Is polylactic acid an amorphous or crystalline polymer?4 answersPolylactic acid (PLA) is a semicrystalline polymer that exhibits both amorphous and crystalline phases. The crystalline structure of PLA is directly related to its piezoelectric activity, with the β-crystalline phase being the piezoelectric one. PLA can crystallize in three different forms: α-, β-, and γ-form, with the β-form being the desired one for piezoelectric activity. The crystallinity and crystal modifications of PLA can be influenced by various factors such as preparation conditions and components. In addition to the crystalline regions, PLA also contains different amorphous fractions, including a bulk-like totally mobile amorphous fraction, a slightly constrained mobile amorphous fraction, and a rigid amorphous fraction located at the crystal-amorphous interface. The presence of these amorphous fractions affects the physical properties and behavior of PLLA, including its melting behavior.
What is the role of amorphous phase in the thermal stability of polymers?5 answersThe amorphous phase plays a crucial role in the thermal stability of polymers. Incorporating amorphous drugs into polymeric components has been shown to enhance the bioavailability of poorly water-soluble drugs. The addition of crystalline polymers into bitumen/SBS blends improves the thermal stability of the blends. Designing thermally conductive polymers requires understanding the relationship between molecular morphology and thermal conductivity in bulk amorphous polymers. Increasing the intrinsic thermal conductivity of amorphous polymers is important for their usage in thermal management applications.
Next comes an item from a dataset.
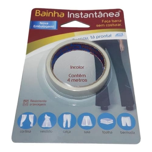 Kit Bainha Mágica instantânea em forma de fita termocolante. Faça a bainha de roupas sem costurar. Dispensa linha e agulha, não solta ao lavar. Pode ser utilizado em cortinas, vestidos, calças, saias, bermudas etc. Aplicável com ferro quente. Desenvolvido para tecidos de algodão, aplicável a outros tecidos com bons resultados. 4 m de comprimento x 1 cm de largura. O valor anunciado é para 10 unidades.
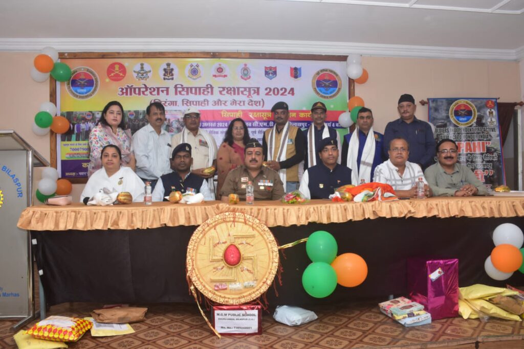 इस कार्यक्रम के आयोजन पूर्व सैनिक महेंद्र प्रताप सिंह राणा जी ने अभियान का उद्देश्य बताते हुए कहा कि पूर्व सैनिक महासभा छत्तीसगढ़ और पूर्व सैनिक संगठन सिपाही विगत वर्ष से रक्षाबंधन पर छत्तीसगढ़ से भारतीय सीमाओं पर रक्षा सूत्र रक्षक कलाइयों तक पहुंचाने का अभियान “ऑपरेशन सिपाही रक्षासूत्र” चला रहा है। जिसमें छत्तीसगढ़ से देश के विभिन्न शहरों से यह अभियान सेना मुख्यालय तक भारत के सैनिकों के लिए राखियां रक्षा सूत्र पहुंचता है। विगत वर्ष 2023 में 6लाख 71हजार रक्षासूत्र सैनिकों तक पहुंचा कर भारतवासियों के देश प्रेम को गौरवान्वित किया है। यह अभियान इस वर्ष 2024 में प्रारंभ हो चुका है। एकत्रीकरण अनावृता जारी है। संग्रहण स्कूल, सामाजिक संगठनों, ग्राम पंचायत, वार्डो से होगा। जिसमें स्कूली बच्चों व जनसाधारण लिफाफा से सिर्फ रक्षा सूत्र, पत्र, स्वयं का पता और “एक चुटकी गांव की मिट्टी” (सैनिकों को तिलक के लिए) रख कर भारतीय सैनिकों को भेजेंगे। रक्षा सूत्र सड़क के रास्ते सेना मुख्यालय तक पहुंचाएंगे। जो सैनिक भाई भारत माता की संतान है और पूरे भारत के परिवार है जो सबकी रक्षा के लिए बहुत दूर-दूर स्थान पर है तो उनके पास इस रक्षा सूत्र को पहुंचाने के लिए बाय रोड ही सभी की राखियां बहनों की व्याख्या एकत्रित करके पहुंच जाने का कार्य करके बहुत खुशी मिलती है। इस अभियान में सैनिकों के लिए रक्षा सूत्र कोई भी राष्ट्रभक्त नागरिक प्रेषित कर सकता है। यह रक्षा सूत्र का मार्ग रायपुर, दुर्ग, राजनांदगांव, खैरागढ़, कवर्धा, मुंगेली, बिलासपुर, अंबिकापुर, रामानुजगंज, पटना, छपरा, बलिया, मऊ, गोरखपुर, अयोध्या, लखनऊ, इटावा, आगरा, मथुरा, दिल्ली तक रहेगा। राणा जी ने सभी उपस्थित समाज सभी सेवा संगठन ,भाजपा महिला मोर्चा,विद्यालयों, शालायों एवं ब्रह्माकुमारी बिलासपुर मुख्य सेवाकेंद्र संचालिका स्वाति दीदी का धन्यवाद किया।

The amorphous phase affects the phase structure, rheological properties, and thermal stability of polymers. The molecular morphology, including the radius of gyration and persistence length, influences the thermal conductivity of amorphous polymers. Therefore, the amorphous phase is a key factor in determining the thermal stability and conductivity of polymers.
Do the physical properties of glasses depend on the density of oxygen ions?5 answersThe physical properties of glasses can be influenced by the concentration of certain ions in the glass matrix. For example, in lithium-borosulfophosphate glasses, the density and refractive index increase proportionally with the concentration of Dy2O3 and Eu2O3, while the molar volume exhibits the opposite behavior. In bismuth borophosphate glasses doped with Er3+ ions, the density tends to decrease with increasing Er2O3 concentration, while the molar volume tends to increase. Additionally, the density and molar volume of borosilicate glasses doped with Dy3+ ions increase with the concentration of Dy2O3. These findings suggest that the physical properties of glasses can depend on the concentration of certain ions, but it is not explicitly mentioned in the abstracts whether the physical properties depend on the density of oxygen ions specifically.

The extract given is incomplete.